Data extracted from a collection:

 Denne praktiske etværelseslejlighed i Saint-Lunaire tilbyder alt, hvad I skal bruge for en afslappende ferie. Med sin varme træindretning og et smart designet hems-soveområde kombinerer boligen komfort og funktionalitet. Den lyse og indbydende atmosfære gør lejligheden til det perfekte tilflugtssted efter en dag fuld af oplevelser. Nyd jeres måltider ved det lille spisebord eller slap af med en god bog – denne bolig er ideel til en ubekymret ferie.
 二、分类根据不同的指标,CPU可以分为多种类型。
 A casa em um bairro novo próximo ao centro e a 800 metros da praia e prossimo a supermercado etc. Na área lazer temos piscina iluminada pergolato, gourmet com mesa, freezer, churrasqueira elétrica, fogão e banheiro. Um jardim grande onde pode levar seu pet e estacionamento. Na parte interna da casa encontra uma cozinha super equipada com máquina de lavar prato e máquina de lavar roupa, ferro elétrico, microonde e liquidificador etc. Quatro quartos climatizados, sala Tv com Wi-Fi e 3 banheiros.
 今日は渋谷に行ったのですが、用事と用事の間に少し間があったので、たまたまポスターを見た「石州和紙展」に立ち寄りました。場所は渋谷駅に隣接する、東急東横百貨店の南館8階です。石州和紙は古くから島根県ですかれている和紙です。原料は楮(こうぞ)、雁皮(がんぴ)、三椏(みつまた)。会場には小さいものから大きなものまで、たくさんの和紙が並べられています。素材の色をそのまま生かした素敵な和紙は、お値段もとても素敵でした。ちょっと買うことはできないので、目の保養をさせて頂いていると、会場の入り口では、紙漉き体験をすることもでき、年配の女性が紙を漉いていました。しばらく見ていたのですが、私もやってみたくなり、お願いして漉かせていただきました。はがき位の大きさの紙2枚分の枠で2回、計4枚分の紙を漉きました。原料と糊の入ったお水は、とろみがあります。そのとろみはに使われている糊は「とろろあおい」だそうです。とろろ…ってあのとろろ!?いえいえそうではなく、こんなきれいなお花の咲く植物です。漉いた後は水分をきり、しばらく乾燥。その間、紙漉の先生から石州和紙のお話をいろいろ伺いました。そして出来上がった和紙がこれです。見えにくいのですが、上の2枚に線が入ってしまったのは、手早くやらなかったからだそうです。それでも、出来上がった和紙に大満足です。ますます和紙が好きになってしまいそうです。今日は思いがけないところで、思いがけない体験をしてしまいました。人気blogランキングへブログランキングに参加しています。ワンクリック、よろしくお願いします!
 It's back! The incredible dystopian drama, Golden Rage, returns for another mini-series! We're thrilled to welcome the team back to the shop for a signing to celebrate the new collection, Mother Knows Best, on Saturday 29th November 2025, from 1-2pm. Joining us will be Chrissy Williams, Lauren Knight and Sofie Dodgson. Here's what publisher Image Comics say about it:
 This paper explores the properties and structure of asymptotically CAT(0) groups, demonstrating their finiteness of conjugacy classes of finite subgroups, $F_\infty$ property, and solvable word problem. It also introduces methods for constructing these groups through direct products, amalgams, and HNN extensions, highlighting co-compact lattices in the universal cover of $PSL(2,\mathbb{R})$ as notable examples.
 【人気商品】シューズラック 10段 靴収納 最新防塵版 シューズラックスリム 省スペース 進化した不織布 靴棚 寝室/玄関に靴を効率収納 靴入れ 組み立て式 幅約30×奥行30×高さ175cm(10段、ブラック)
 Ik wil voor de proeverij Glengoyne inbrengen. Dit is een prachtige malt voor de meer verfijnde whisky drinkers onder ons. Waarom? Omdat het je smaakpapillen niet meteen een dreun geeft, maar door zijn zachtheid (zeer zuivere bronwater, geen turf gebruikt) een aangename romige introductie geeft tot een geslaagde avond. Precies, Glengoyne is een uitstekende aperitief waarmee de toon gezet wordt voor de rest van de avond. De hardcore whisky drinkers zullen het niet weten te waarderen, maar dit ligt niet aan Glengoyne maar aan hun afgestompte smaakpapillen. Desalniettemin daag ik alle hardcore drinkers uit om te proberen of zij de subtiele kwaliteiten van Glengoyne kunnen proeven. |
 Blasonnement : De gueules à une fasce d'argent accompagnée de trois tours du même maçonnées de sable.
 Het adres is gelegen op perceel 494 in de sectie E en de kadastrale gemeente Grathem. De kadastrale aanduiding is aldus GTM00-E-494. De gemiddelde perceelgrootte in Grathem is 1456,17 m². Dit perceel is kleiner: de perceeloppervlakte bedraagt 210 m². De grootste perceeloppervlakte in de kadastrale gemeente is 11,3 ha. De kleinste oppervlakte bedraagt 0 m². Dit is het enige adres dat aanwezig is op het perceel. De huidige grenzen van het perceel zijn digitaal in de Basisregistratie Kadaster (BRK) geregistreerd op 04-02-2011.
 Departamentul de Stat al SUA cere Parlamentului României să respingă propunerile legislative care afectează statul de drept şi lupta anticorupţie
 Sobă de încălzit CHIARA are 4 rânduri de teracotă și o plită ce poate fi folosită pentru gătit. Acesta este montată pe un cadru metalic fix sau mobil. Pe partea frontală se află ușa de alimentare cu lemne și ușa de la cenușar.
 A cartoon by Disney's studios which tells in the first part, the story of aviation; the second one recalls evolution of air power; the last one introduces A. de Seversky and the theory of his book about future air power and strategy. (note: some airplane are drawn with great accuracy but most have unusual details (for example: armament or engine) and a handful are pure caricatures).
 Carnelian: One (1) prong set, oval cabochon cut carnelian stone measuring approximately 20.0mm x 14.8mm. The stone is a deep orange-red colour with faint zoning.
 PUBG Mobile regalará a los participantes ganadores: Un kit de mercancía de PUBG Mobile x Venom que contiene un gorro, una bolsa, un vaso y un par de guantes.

(Your instructions)
Every record above must appear again in the answer, unchanged.

(Result for this task)
 Denne praktiske etværelseslejlighed i Saint-Lunaire tilbyder alt, hvad I skal bruge for en afslappende ferie. Med sin varme træindretning og et smart designet hems-soveområde kombinerer boligen komfort og funktionalitet. Den lyse og indbydende atmosfære gør lejligheden til det perfekte tilflugtssted efter en dag fuld af oplevelser. Nyd jeres måltider ved det lille spisebord eller slap af med en god bog – denne bolig er ideel til en ubekymret ferie.
 二、分类根据不同的指标,CPU可以分为多种类型。
 A casa em um bairro novo próximo ao centro e a 800 metros da praia e prossimo a supermercado etc. Na área lazer temos piscina iluminada pergolato, gourmet com mesa, freezer, churrasqueira elétrica, fogão e banheiro. Um jardim grande onde pode levar seu pet e estacionamento. Na parte interna da casa encontra uma cozinha super equipada com máquina de lavar prato e máquina de lavar roupa, ferro elétrico, microonde e liquidificador etc. Quatro quartos climatizados, sala Tv com Wi-Fi e 3 banheiros.
 今日は渋谷に行ったのですが、用事と用事の間に少し間があったので、たまたまポスターを見た「石州和紙展」に立ち寄りました。場所は渋谷駅に隣接する、東急東横百貨店の南館8階です。石州和紙は古くから島根県ですかれている和紙です。原料は楮(こうぞ)、雁皮(がんぴ)、三椏(みつまた)。会場には小さいものから大きなものまで、たくさんの和紙が並べられています。素材の色をそのまま生かした素敵な和紙は、お値段もとても素敵でした。ちょっと買うことはできないので、目の保養をさせて頂いていると、会場の入り口では、紙漉き体験をすることもでき、年配の女性が紙を漉いていました。しばらく見ていたのですが、私もやってみたくなり、お願いして漉かせていただきました。はがき位の大きさの紙2枚分の枠で2回、計4枚分の紙を漉きました。原料と糊の入ったお水は、とろみがあります。そのとろみはに使われている糊は「とろろあおい」だそうです。とろろ…ってあのとろろ!?いえいえそうではなく、こんなきれいなお花の咲く植物です。漉いた後は水分をきり、しばらく乾燥。その間、紙漉の先生から石州和紙のお話をいろいろ伺いました。そして出来上がった和紙がこれです。見えにくいのですが、上の2枚に線が入ってしまったのは、手早くやらなかったからだそうです。それでも、出来上がった和紙に大満足です。ますます和紙が好きになってしまいそうです。今日は思いがけないところで、思いがけない体験をしてしまいました。人気blogランキングへブログランキングに参加しています。ワンクリック、よろしくお願いします!
 It's back! The incredible dystopian drama, Golden Rage, returns for another mini-series! We're thrilled to welcome the team back to the shop for a signing to celebrate the new collection, Mother Knows Best, on Saturday 29th November 2025, from 1-2pm. Joining us will be Chrissy Williams, Lauren Knight and Sofie Dodgson. Here's what publisher Image Comics say about it:
 This paper explores the properties and structure of asymptotically CAT(0) groups, demonstrating their finiteness of conjugacy classes of finite subgroups, $F_\infty$ property, and solvable word problem. It also introduces methods for constructing these groups through direct products, amalgams, and HNN extensions, highlighting co-compact lattices in the universal cover of $PSL(2,\mathbb{R})$ as notable examples.
 【人気商品】シューズラック 10段 靴収納 最新防塵版 シューズラックスリム 省スペース 進化した不織布 靴棚 寝室/玄関に靴を効率収納 靴入れ 組み立て式 幅約30×奥行30×高さ175cm(10段、ブラック)
 Ik wil voor de proeverij Glengoyne inbrengen. Dit is een prachtige malt voor de meer verfijnde whisky drinkers onder ons. Waarom? Omdat het je smaakpapillen niet meteen een dreun geeft, maar door zijn zachtheid (zeer zuivere bronwater, geen turf gebruikt) een aangename romige introductie geeft tot een geslaagde avond. Precies, Glengoyne is een uitstekende aperitief waarmee de toon gezet wordt voor de rest van de avond. De hardcore whisky drinkers zullen het niet weten te waarderen, maar dit ligt niet aan Glengoyne maar aan hun afgestompte smaakpapillen. Desalniettemin daag ik alle hardcore drinkers uit om te proberen of zij de subtiele kwaliteiten van Glengoyne kunnen proeven. |
 Blasonnement : De gueules à une fasce d'argent accompagnée de trois tours du même maçonnées de sable.
 Het adres is gelegen op perceel 494 in de sectie E en de kadastrale gemeente Grathem. De kadastrale aanduiding is aldus GTM00-E-494. De gemiddelde perceelgrootte in Grathem is 1456,17 m². Dit perceel is kleiner: de perceeloppervlakte bedraagt 210 m². De grootste perceeloppervlakte in de kadastrale gemeente is 11,3 ha. De kleinste oppervlakte bedraagt 0 m². Dit is het enige adres dat aanwezig is op het perceel. De huidige grenzen van het perceel zijn digitaal in de Basisregistratie Kadaster (BRK) geregistreerd op 04-02-2011.
 Departamentul de Stat al SUA cere Parlamentului României să respingă propunerile legislative care afectează statul de drept şi lupta anticorupţie
 Sobă de încălzit CHIARA are 4 rânduri de teracotă și o plită ce poate fi folosită pentru gătit. Acesta este montată pe un cadru metalic fix sau mobil. Pe partea frontală se află ușa de alimentare cu lemne și ușa de la cenușar.
 A cartoon by Disney's studios which tells in the first part, the story of aviation; the second one recalls evolution of air power; the last one introduces A. de Seversky and the theory of his book about future air power and strategy. (note: some airplane are drawn with great accuracy but most have unusual details (for example: armament or engine) and a handful are pure caricatures).
 Carnelian: One (1) prong set, oval cabochon cut carnelian stone measuring approximately 20.0mm x 14.8mm. The stone is a deep orange-red colour with faint zoning.
 PUBG Mobile regalará a los participantes ganadores: Un kit de mercancía de PUBG Mobile x Venom que contiene un gorro, una bolsa, un vaso y un par de guantes.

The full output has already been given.